- Episode no.: Season 9 Episode 4
- Directed by: John Herzfeld
- Written by: John Herzfeld
- Original air date: November 12, 1980

= Stoned (ABC Afterschool Special) =

"Stoned" is a 1980 episode of the American television anthology series ABC Afterschool Special, which aired on November 12, 1980 and starring Scott Baio. It was featured as the fourth episode in the program's ninth season.

==Plot==
Jack Melon (Scott Baio) is a gangling and awkward teenage freshman who doesn't fit in at his local high school. Distracted by a new girl in school named Felicity (Largo Woodruff), Jack bumps into Teddy (Jeffrey Frichner), a classmate who is a reputed marijuana user and pusher. Teddy's drug habit is outed in the Spanish class that Jack and Teddy share. Mr. David (John Herzfeld in his major TV acting debut), the teacher, orders Teddy to stand up after catching him sleeping at his desk. Mr. David tells him "Don't come to class stoned!"

Later, Jack catches Teddy and Alan (Steve Monarque also in his major TV acting debut) smoking pot in the boys' room. Teddy offers him a chance to try it. Jack refuses. Alan teases him about his straight-laced older brother Mike (Vincent Bufano). Jack, asks Mike if he had ever tried pot. Mike says he didn't like it.

Jack looks up to his older brother, but is often ignored by their father (who heads a single parent household, who praises Mike for his athletic abilities while ignoring Jack.

An argument between the normally close brothers happens the day before a swim meet. Mike explodes and tells him to stop hanging around him.

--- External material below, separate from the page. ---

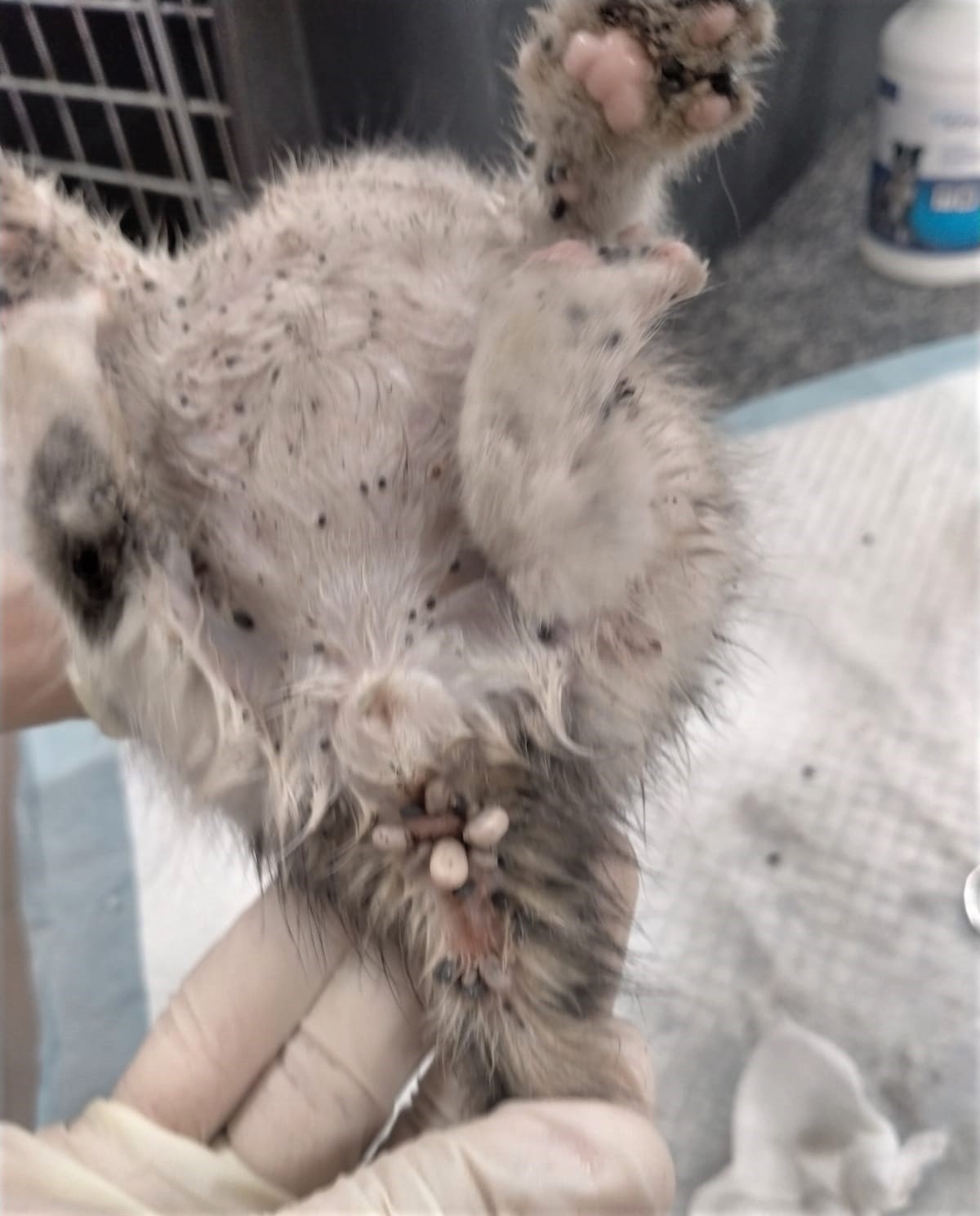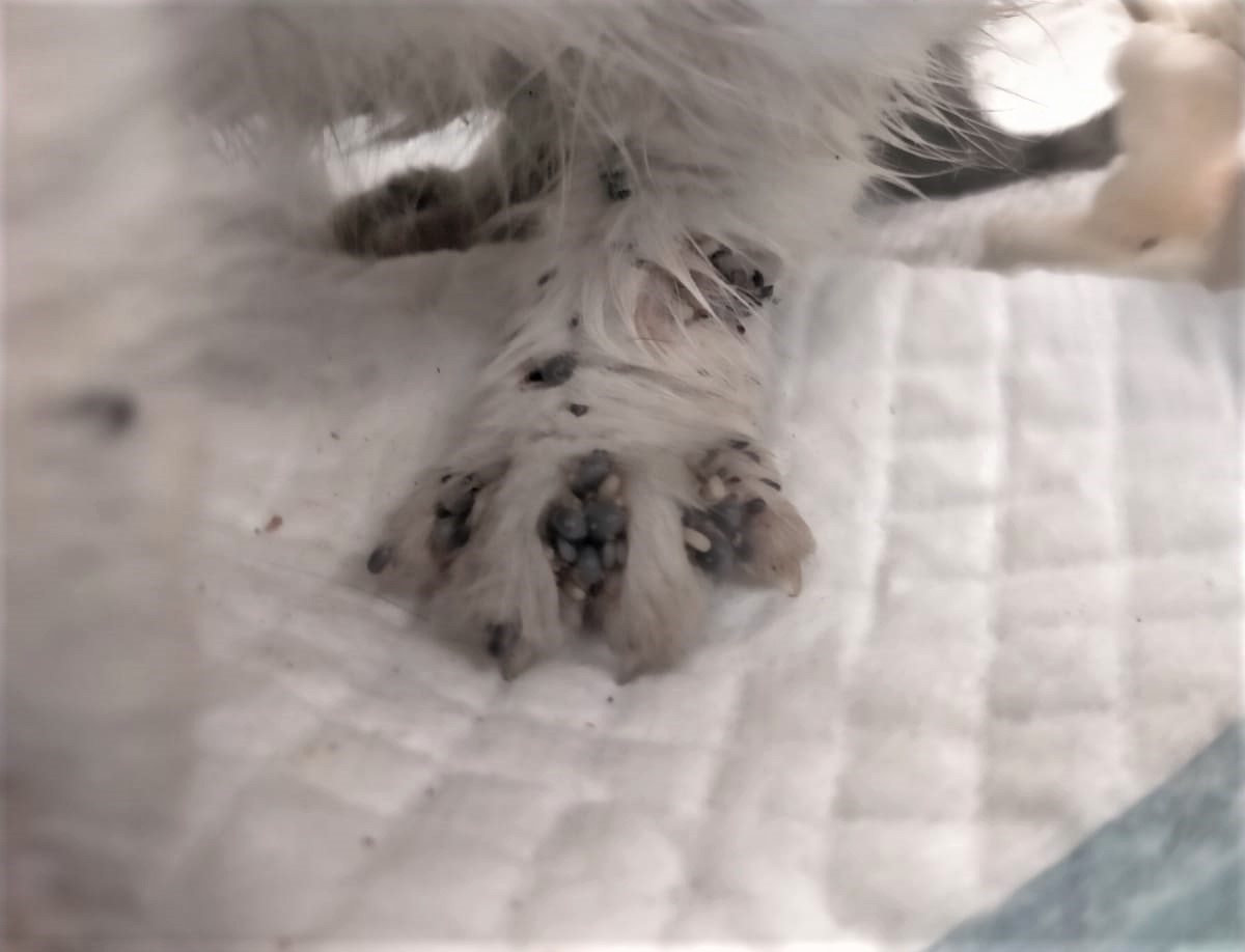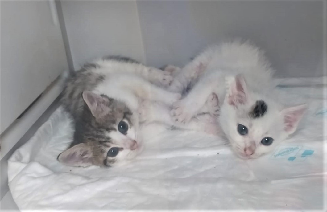 Estos dos enanos llegaron la semana pasada literalmente comidos por las garrapatas. Una vez llegamos a 300 garrapatas retiradas perdimos la cuenta pero seguía habiendo por todos los lados. En las fotos podéis ver en la zona de los dedos como se apiñaban las muy…Han estado varios días en la clínica porque la anemia que tenían era importante por culpa de la infestación de plagas que tenían. Actualmente están en tratamiento y van cogiendo fuerzas poquito a poco. Ambos están asustados y doloridos y de primeras bufan pero luego se dejan manipular muy bien. Alfa (el blanquito con una mancha en la cabeza) es mas sociable que Beta pero se compenetran tan bien que la adopción ha de ser conjunta. 🙂

The next day at school, Jack is again approached by Teddy, who takes the joint. He doesn't feel its effects. Teddy invites him to his home for the next morning, where he presents Jack with a bong. Jack gets high after a couple of hits. The experience leads to a friendship. Mr. David, noticing Jack's change in behavior, conducts class outside one day to teach his students about the dangers of marijuana. As with Teddy Mr. David outs Jack's obvious use of marijuana.

Felicity, who has noticed Jack's newfound sense of humor, now brushes him off. She recognize this isn't the real Jack. Jack's relationship deteriorates. Mike begins to notice the changes in his brother's behavior. Jack intercepts a letter from school addressed to his father about Jack's absenteeism. A confrontation erupts between the pair. Mike tries to mend fences.

Jack accepts the offer of a swim with his brother but smokes a joint prior to the outing. A boating accident occurs and endangers Mike. Jack jumps in the lake to rescue his now-unconscious brother.

Mike wakes up in the hospital with a broken nose and no memory of what had happened. Jack confesses that he had been stoned and accepts responsibility. His brother is furious at him for ruining his career as a competitive swimmer. Their father, bursting in, demands to know what happened. As Jack gets ready to tell their father the truth, Mike interrupts him. He lies about the accident to protect his brother and says that Jack saved his life.

The next day while walking to school, Jack refuses Teddy's offer of "dynamite new smoke", then approaches Felicity and lets her know that he's off pot for good, which she is happy to see. They walk down the path together in this final scene as friends.

==Tagline==
"Jack is down and depressed. Getting stoned seems like the answer. Until someone almost gets killed."

==Awards==
Scott Baio won a 1982 Young Artist Award for Best Young Actor in a Television Special for this work.